Merchant Hydrogen Generation and On-site Distributed Generation

Report Highlights

• Revenues from merchant and on-site hydrogen sales will reach $2.7 billion in 2008, up from $1.8 billion in 2003, at an average annual growth rate (AAGR) of 8.5%.
• Revenues for hydrogen packaged in cylinders will decrease from $535.4 million in 2003 to $381.8 million in 2008, for an AAGR of -7.0%.
• Dispersed, small-size “on-demand” plants will see revenues rise to $83.3 million in 2008, up from $41.2 million in 2003, at an AAGR of 15.1%.
• Liquid hydrogen shipment revenues will increase from $487.8 million in 2003 to $641.5 million in 2008, at an AAGR of 5.6%.
• Revenues from on-site plants and pipelines will rise at an AAGR of 16.7% from $735.6 million in 2003 to $1,593.4 million in 2008.

INTRODUCTION

Hydrogen now is a major energy source, and an important chemical feedstock for a multitude of key industrial processes. Therefore, customers are looking for reliable cost-effective supply options, among them, the utilization of hydrogen from merchant and on-site gas suppliers, and small hydrogen generators on-site at end-user facilities. Together, they meet the needs of users in specialty chemicals, fats and oils, metals, glass and power utilities. On-site hydrogen generators will increase and boost productivity and enhance product quality for these end users.

While gas cylinders are the most widely used method for hydrogen delivery, they suffer from a number of major drawbacks, including the potential to cause serious injury, either through misuse or ignorance of the dangers involved in working with high-pressure gases. Bulk delivery of liquid hydrogen likely will remain more expensive than the bulk delivery of other fuels.

On-site distributed hydrogen generation either by small “in-demand,” or intermediate size generators, however, ensures that the end user has complete control over the gas supply.
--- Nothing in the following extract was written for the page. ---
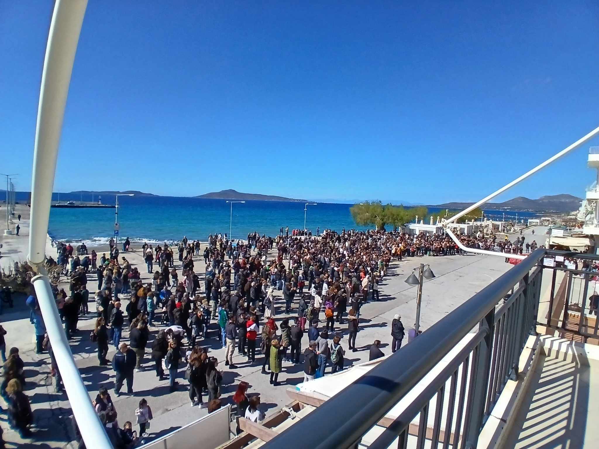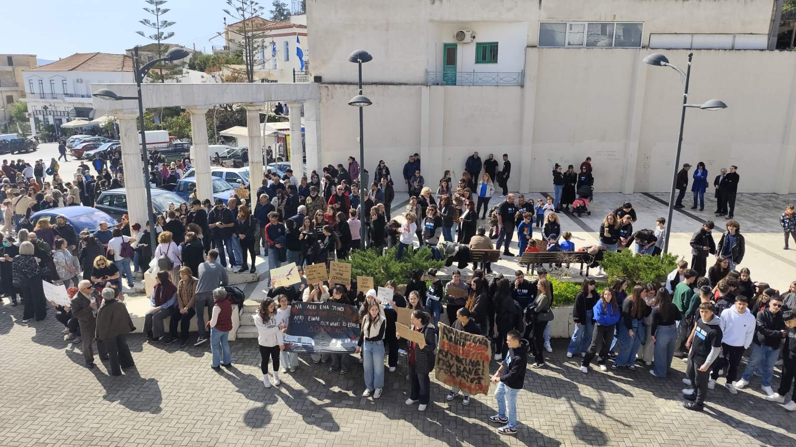 Ένα ανθρώπινο ποτάμι ξεχύθηκε στους δρόμους σε περιοχές του Δ. Μονεμβασίας, όπως οι Μολάοι, η Μονεμβασιά και η Νεάπολη, σε μια ιδιαίτερα συγκινησιακή κι έντονα φορτισμένη ατμόσφαιρα. Άτομα όλων των ηλικιών, με πρωταγωνιστές τους νέους, συγκεντρώθηκαν σε πλατείες και κεντρικούς δρόμους, εκφράζοντας τη συμπαράστασή τους στους οικείους των θυμάτων και ζητώντας απόδοση ευθυνών στους υπαίτιους. Με κεντρικό σύνθημα «δεν έχω οξυγόνο», αλλά και «δεν σας ξεχνάμε», οι συμμετέχοντες ένωσαν τις σκέψεις και τα συναισθήματά τους, με τις οικογένειες των θυμάτων, αλλά και τους εκατοντάδες χιλιάδες πολίτες που την ίδια ώρα διαδήλωναν σε όλη τη χώρα. Μάλιστα, στη Μονεμβασιά οι πολίτες κινήθηκαν σε πορεία από τον νέο οικισμό έως την καστροπολιτεία.

Once installed, the gas always is available when needed. It also frees the immediate vicinity of bulk cylinders and avoids the hazards and time involved in moving cylinders into and out of a building.
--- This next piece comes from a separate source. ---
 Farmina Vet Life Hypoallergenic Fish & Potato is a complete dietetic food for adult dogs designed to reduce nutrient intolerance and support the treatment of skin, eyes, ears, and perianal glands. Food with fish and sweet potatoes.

This comprehensive BCC report on merchant and on-site hydrogen sourcing analyzes, evaluates, assesses and quantifies the U.S. market for merchant and on-site hydrogen generation. The study provides a comprehensive assessment and evaluation of the current and near-term market for merchant hydrogen utilization and on-site hydrogen generation, including technical developments to meet the forecasted market. It also looks at the international scene with due consideration given to relationships between major producers and consumers.

SCOPE OF STUDY

The report contains:

• Investigation and assessment of the future use of merchant hydrogen and on-site distributed generation
• Analysis of the structure of the industry and assessment of key players, distribution channels, key customer values and purchasing influences
• Examination of how environmental regulations and alliances affect sales of hydrogen generators
• Evaluation of the factors necessary for deciding the most appropriate hydrogen generator size and required purity
• Determination of the extent of the impact of the on-site hydrogen generator market on the merchant hydrogen industry
• Forecasts by technology to 2008.

METHODOLOGY

In this report, both historic and current data have been utilized for analyzing the market for merchant and onsite hydrogen generators. The results of the calculations presented here are therefore based on three components; a historic analysis of the global market in the period 2000 to 2003; estimates for 2003, and forecasted market scenarios for the 2003 to 2008 time frames. The report also gives estimates of the market for merchant and onsite hydrogen generators by size of unit.

AUTHOR CREDENTIALS

Edward Gobina is a Research Professor in Chemical & Processing Engineering and has over 15 years research and teaching experience in petrochemical reaction engineering, catalysis and membrane technology. He has been published extensively, with over 100 relevant publications in international scientific journals. He is the author of three major patents on membrane-related technologies and the author of eight previous reports relating to the chemical energy, and oil and gas industries. He is currently the principal investigator of three externally funded research projects involving postdoctoral researchers designing new compact reactor systems for enhancing fluid processing in offshore/deepwater platforms. Dr. Edward Gobina is a member of the European Membrane Society (EMS), the North American Membrane Society (NAMS) and the New York Academy of Sciences (NYAS). He is currently the director at the Centre for Process Integration and Membrane Technology (CPIMT) within the school of engineering at the Robert Gordon University in the UK.